In run 5 for the fibril case, the cracks are deeper than the Aβ-free case, but in other runs, the difference is smaller (Figure S16). The area of shallow cracks is larger than in the dodecamer case (Figure ). Averaging over 10 MD runs, we obtain the crack depths 7.26 ± 0.65 and 5.12 ± 0.72 Å for the dodecamer and fibrils, respectively. The deepest crack of 17.07 Å observed in our simulations for the dodecamer covers almost half of the membrane thickness (Figure ). Thus, while our short simulations do not allow pore formation, the results suggest that oligomers are better than fibrils at promoting those structural fluctuations that can eventually facilitate channel formation.

Figure 11

Position of the deepest crack observed in the dodecamer simulation (top). This crack spans almost half of the membrane thickness (bottom).

Conclusions

Using MD simulation, we were able to reproduce the experimental area compressibility modulus for a realistic neuron membrane. We predict that the presence of Aβ oligomers at the membrane surface makes the membrane more rigid, leading to an increase in this modulus. We have shown that, in accordance with the experiment, the high-density CHL1 regions are thicker than others. The presence of Aβ significantly alters the distribution of lipid molecules in the multi-lipid bilayer model.
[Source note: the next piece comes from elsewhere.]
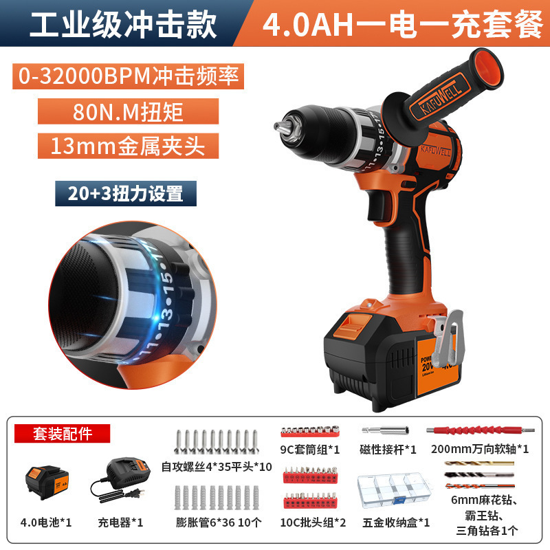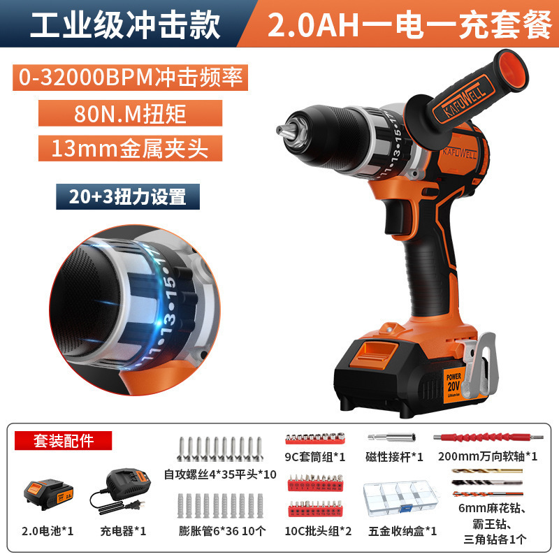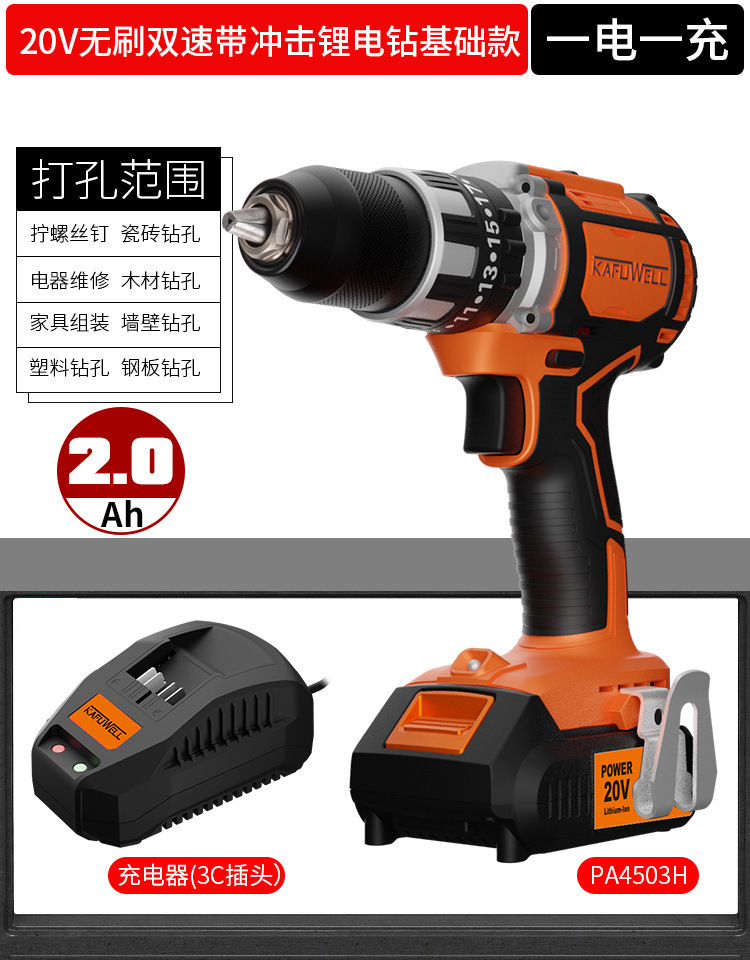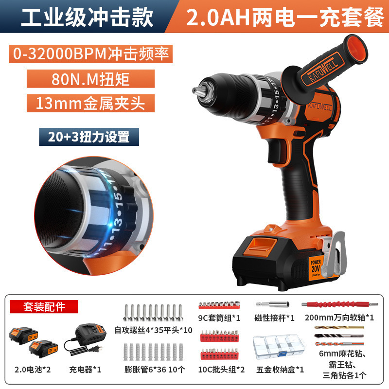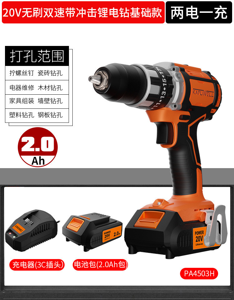 Kafwell 산업 등급 리튬 배터리 브러시리스 핸드 전기 드릴 다기능 충격 드릴 높은 전원 도구 전기 해머 503스토어 가기

Due to the difference in the charge distribution on the surface, the dodecamer can approach the membrane closer than the fibril disturbing the membrane to a greater extent. Although we did not observe channel structures due to the short simulation timescale, cracks on the membrane surface are more pronounced and populated in the dodecamer case than in the case of fibril. This may support the experimental fact that oligomers are more toxic to cells than mature fibrils. We have shown that neuraminic acid and sugar groups of the ganglioside GM1 lipid, which are exposed to water, control the interaction between Aβ and the membrane.

The bacterial membranes comprise multiple lipid species;[89] the major lipids are negatively charged lipids, while the minor lipids can be positively charged. Therefore, the cell membrane charge of many bacteria is negative,[90] which is similar to the membrane model studied in this work. From this perspective, we expect that Aβ affects the bacterial membrane in the same way as it does with the present Alzheimer membrane model. In other words, our study shed some light on Aβ binding to microbial surfaces, which are related to their antimicrobial properties.[91]